El juez Rafecas ha reconocido estas preocupaciones en su resolución, pero considera que “no hacer nada sería aún peor” y ordena el juicio en ausencia “para evitar la perpetuación de la impunidad”. En sus palabras, no se trata de “curar heridas por decreto ni imponer reparaciones simbólicas”, sino de “intentar mostrar, con todo el cuidado y la vigilancia necesarios, lo que se ha hecho, lo que se ha investigado, lo que no se ha hecho, lo que falta, lo que puede ser examinado. Y hacerlo públicamente”.

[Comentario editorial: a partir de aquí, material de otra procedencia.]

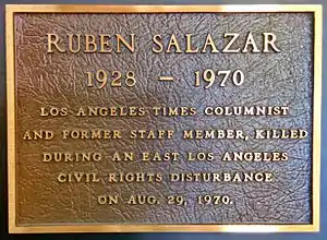 Plaque honorant la mémoire de Rubén Salazar, apposée sur la façade de l'immeuble du Los Angeles Times à Los Angeles.
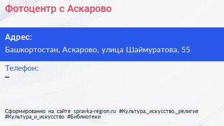 Фотоцентр, с. Аскарово по адресу Башкортостан, Аскарово, улица Шаймуратова, 55 в дальнейшем Организация, размещена в следующих категориях:
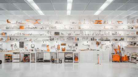 Efficient and tidy automotive workshop displays well-organized tools machinery and workstations designed for high productivity and vehicle servicing activities.
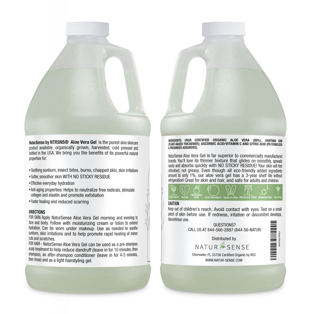 NTRSNS NaturSense Organic Aloe Vera Gel from 100% Pure Aloe. Great for Hair, Scalp, Face, Dry Skin, Acne, Sunburn, Sensitive Skin. Unscented, USDA Certified, 64 oz.
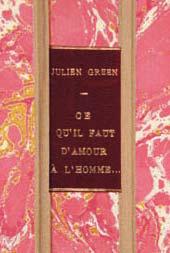 Manuscrit autographe de près de 100 pages in-4. Rédigé dans un carnet de toile rouge, conservé dans une chemise rigide habillée de papier marbré. Pièce de titre en cuir rouge : « Julien Green – Ce qu’ il faut d’amour à l’ homme… ». Etui assorti. Pièces jointes.
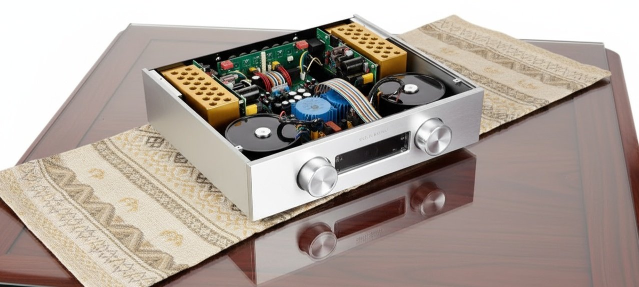 En su corazón laten dos módulos de potencia independientes montados sobre disipadores dorados de aluminio macizo. Cada módulo utiliza MOSFET EXICON trabajando en clase AB, entregando 215 W RMS sobre 8 Ω —una cifra que, más allá de lo técnico, se traduce en control absoluto, dinámica real y una sensación de autoridad inusual en esta categoría.

El ministro de Justicia, Mariano Cuneo Libarona, celebró la decisión en su cuenta de X (antes Twitter), destacando que “los terroristas acusados del atentado a la AMIA podrán ser juzgados” y elogiando al poder ejecutivo por la ley que ahora permite juicios en ausencia para crímenes graves.

Irán, por su parte, ha negado sistemáticamente cualquier responsabilidad y se ha negado a que sus funcionarios sean interrogados. Algunos, como el ex canciller Ali Akbar Velayati, calificaron públicamente estas acusaciones de “mentiras” e instaron a Argentina a “no convertirse en un instrumento de los sionistas”.

El caso AMIA también ha tenido repercusiones políticas significativas en Argentina. La ex presidenta Cristina Kirchner (2007-2015) sigue siendo investigada por obstrucción a la justicia, tras haber promovido durante su mandato un “memorándum” con Teherán para que funcionarios iraníes pudieran ser interrogados fuera de Argentina, una iniciativa que nunca se concretó.

Alberto Nisman, el fiscal que presentó estas acusaciones contra Kirchner, fue encontrado muerto en su apartamento en 2015. En 2018, la justicia concluyó que se trató de un asesinato, aunque hasta ahora no se ha identificado a ningún responsable.